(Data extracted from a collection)
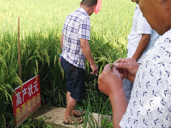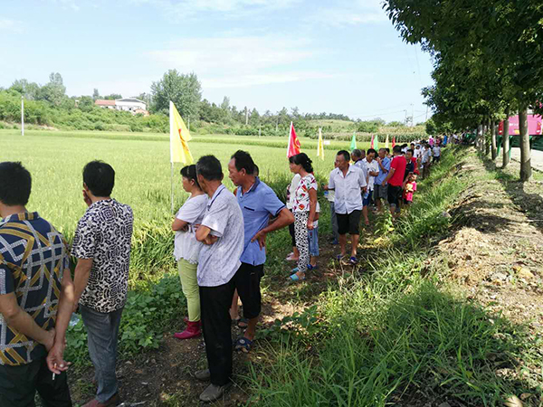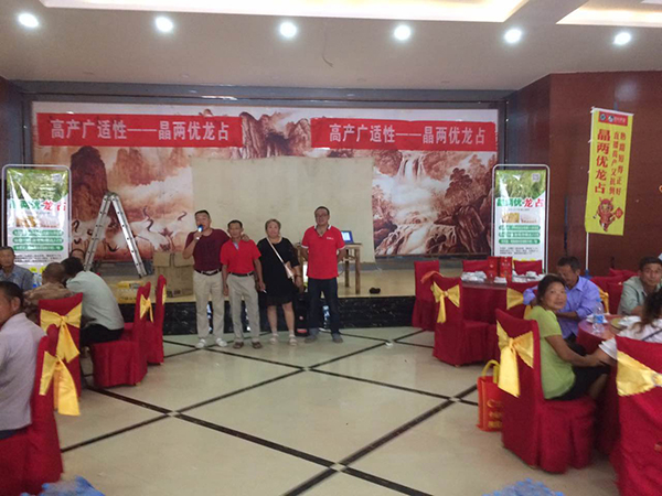 2017年8月9日、12日和13日分別在棗陽王城鎮(zhèn)、熊集鎮(zhèn)和吳店鎮(zhèn)召開了三場晶兩優(yōu)龍占的田間觀摩會和訂購會,在代理商陳福剛的組織下,共有700多名農(nóng)戶參與了會議。
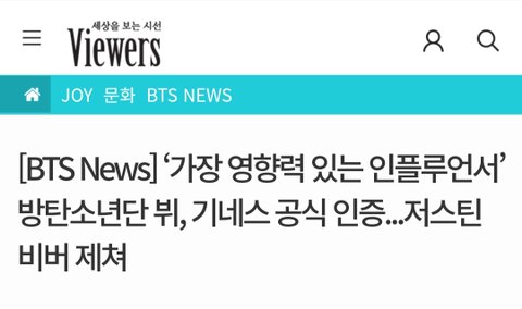 방탄소년단 뷔가 '가장 영향력 있는 인플루언서' 전세계 남자 가수 1위에 올라 막강한 소셜 파급력을 과시했다.
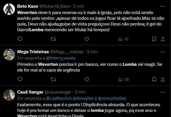 “Eu acho que Marcelo Lomba é uma opção melhor do que Weverton“, “Weverton vem falhando muito ultimamente, inclusive não pega pênalti. Tá na hora de deixar o Lomba né ?” e “Time que quer ganhar não pode ter Rony e Weverton… Lomba já pediu passagem a anos“, foram alguns comentários.
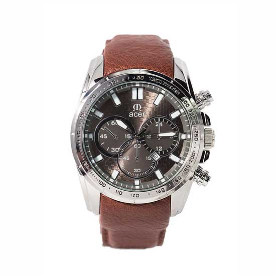 This is a men's watch featuring a sophisticated dial with three sub-dials and a date display. It has a silvery case in a round shape with marks on the bezel. This refined watch is a great addition to your watch collection.
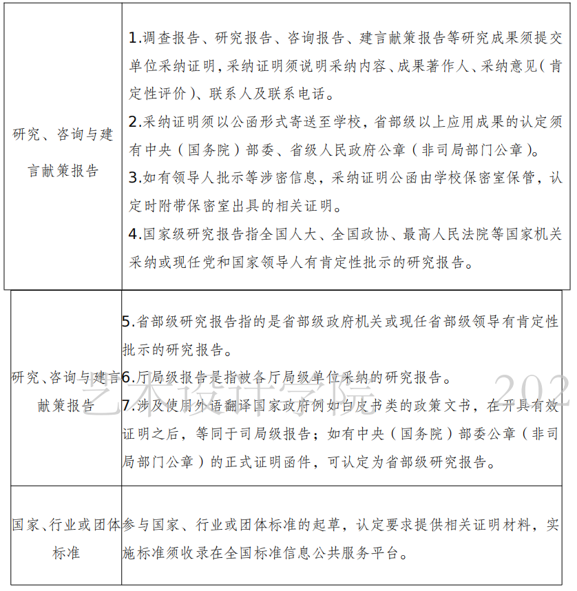 1.应用成果包括:研究、咨询与建言献策报告、国家或行业标准等。
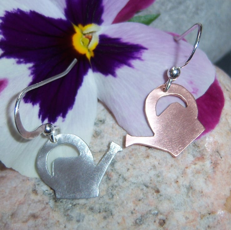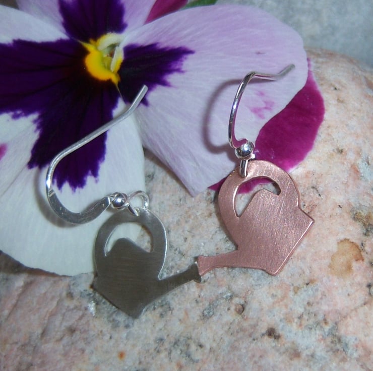Watering cans handcut from sterling silver and copper sheets - one of each. Sterling silver ear wires. Approximately 1.5cm drop.
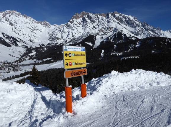 Die Ausschilderung auf den Pisten ist sehr gut. Es gibt ausreichend Informationstafeln, die Pisten sind durchnummeriert und entsprechend beschildert. An Abzweigungen gibt es ebenfalls Schilder. Die Königstour ist optimal ausgeschildert.
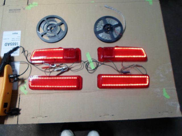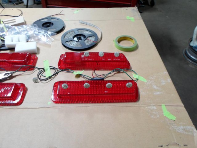 Running lights are done . Still have enough LEDs left to do another set or two . Turn and brake ideas . Need some ideas , people . I'm thinking round so I can have sequential turn signal . And with round LEDs , I can cut out face plates with any shape or pattern .
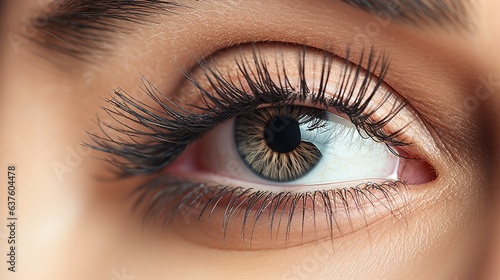 Close-up of a Woman's Eye with Long Eyelashes: A captivating close-up shot of a woman's eye, showcasing long, dark eyelashes and a mesmerizing hazel iris. The image is detailed and intimate.
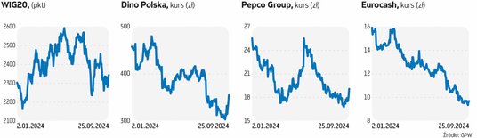 Zarówno Dino Polska, jak i Pepco Group w tym roku nie wspierały indeksu WIG20 w zwyżkach i nadal są mocno pod kreską. Uwzględniając środowe zwyżki Pepco, nadal było 27 proc. poniżej poziomu zamknięcia 2023 r., a Dino traciło ponad 23 proc. Eurocash na tym tle wypada najgorzej, bo notuje wciąż 38-proc. stratę. W jego przypadku trudno też mówić o zmianie trendu ze spadkowego nawet w krótkim terminie. Kurs jest najniżej od połowy 2022 r., aczkolwiek wyjście ponad poziom 10 zł może zmienić perspektywę.

WORK INSTRUCTION: Above are some records; quote exactly and only the lines that begin at the line containing "foram alguns comentários." and stop after the line containing "1.应用成果包括:研究、咨询与建言献策报告、国家或行业标准等。", leaving out the pictures.

FINISHED TASK:
 “Eu acho que Marcelo Lomba é uma opção melhor do que Weverton“, “Weverton vem falhando muito ultimamente, inclusive não pega pênalti. Tá na hora de deixar o Lomba né ?” e “Time que quer ganhar não pode ter Rony e Weverton… Lomba já pediu passagem a anos“, foram alguns comentários.
 This is a men's watch featuring a sophisticated dial with three sub-dials and a date display. It has a silvery case in a round shape with marks on the bezel. This refined watch is a great addition to your watch collection.
 1.应用成果包括:研究、咨询与建言献策报告、国家或行业标准等。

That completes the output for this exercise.